─── Listed entries ───

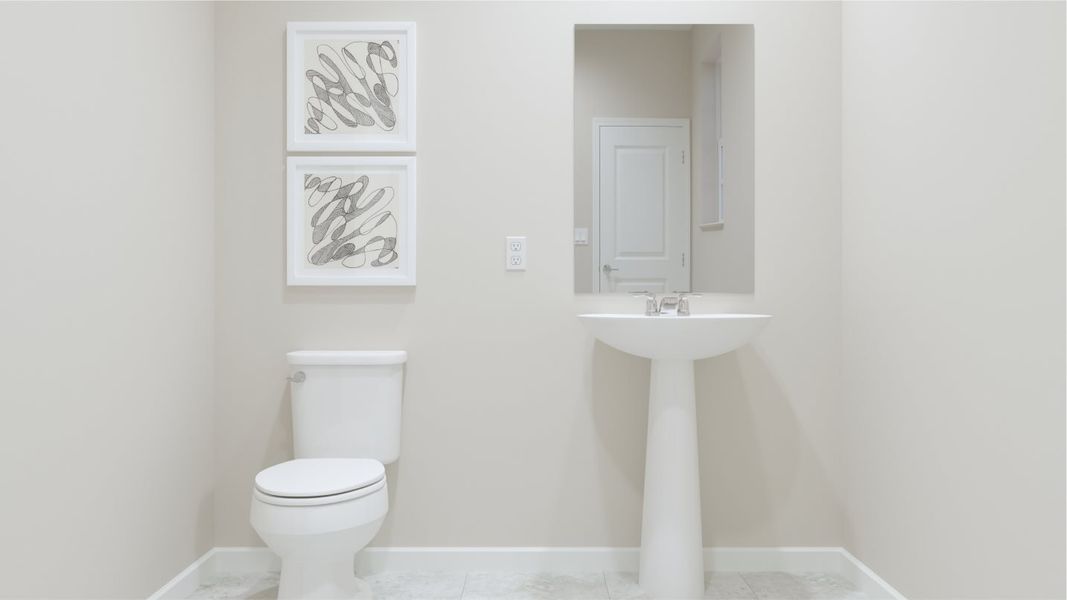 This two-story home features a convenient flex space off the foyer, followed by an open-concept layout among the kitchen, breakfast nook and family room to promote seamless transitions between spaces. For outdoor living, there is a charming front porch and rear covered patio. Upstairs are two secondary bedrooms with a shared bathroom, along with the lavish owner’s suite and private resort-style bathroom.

───
─── Listed entries ───

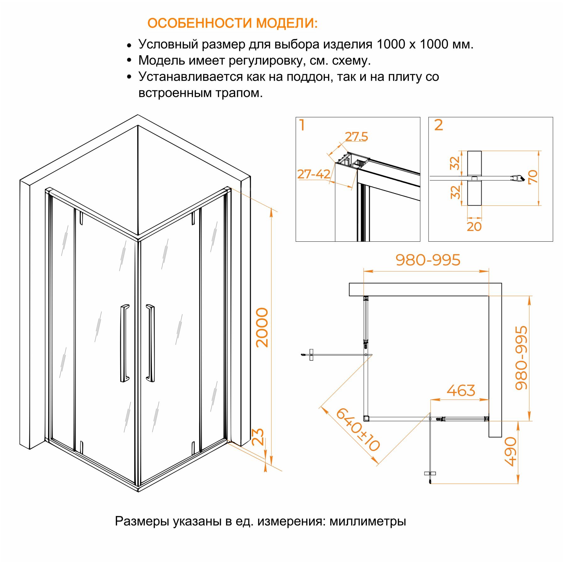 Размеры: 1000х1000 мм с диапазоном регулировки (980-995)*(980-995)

───
─── Listed entries ───

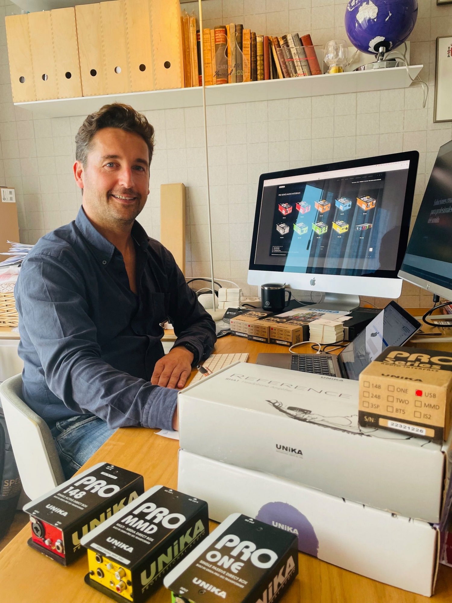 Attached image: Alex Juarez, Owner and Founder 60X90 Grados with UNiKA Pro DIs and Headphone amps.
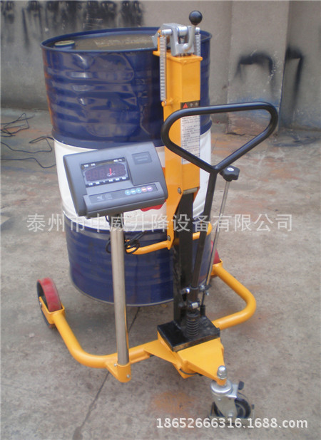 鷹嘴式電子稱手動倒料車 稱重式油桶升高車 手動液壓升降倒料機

───

• _What the task requires_
Your answer should be the lines above, word for word, from the line with "Attached image: Alex" through the line with "鷹嘴式電子稱手動倒料車 稱重式油桶升高車 手動液壓升降倒料機", minus the pictures.

• _Answer_
 Attached image: Alex Juarez, Owner and Founder 60X90 Grados with UNiKA Pro DIs and Headphone amps.
 鷹嘴式電子稱手動倒料車 稱重式油桶升高車 手動液壓升降倒料機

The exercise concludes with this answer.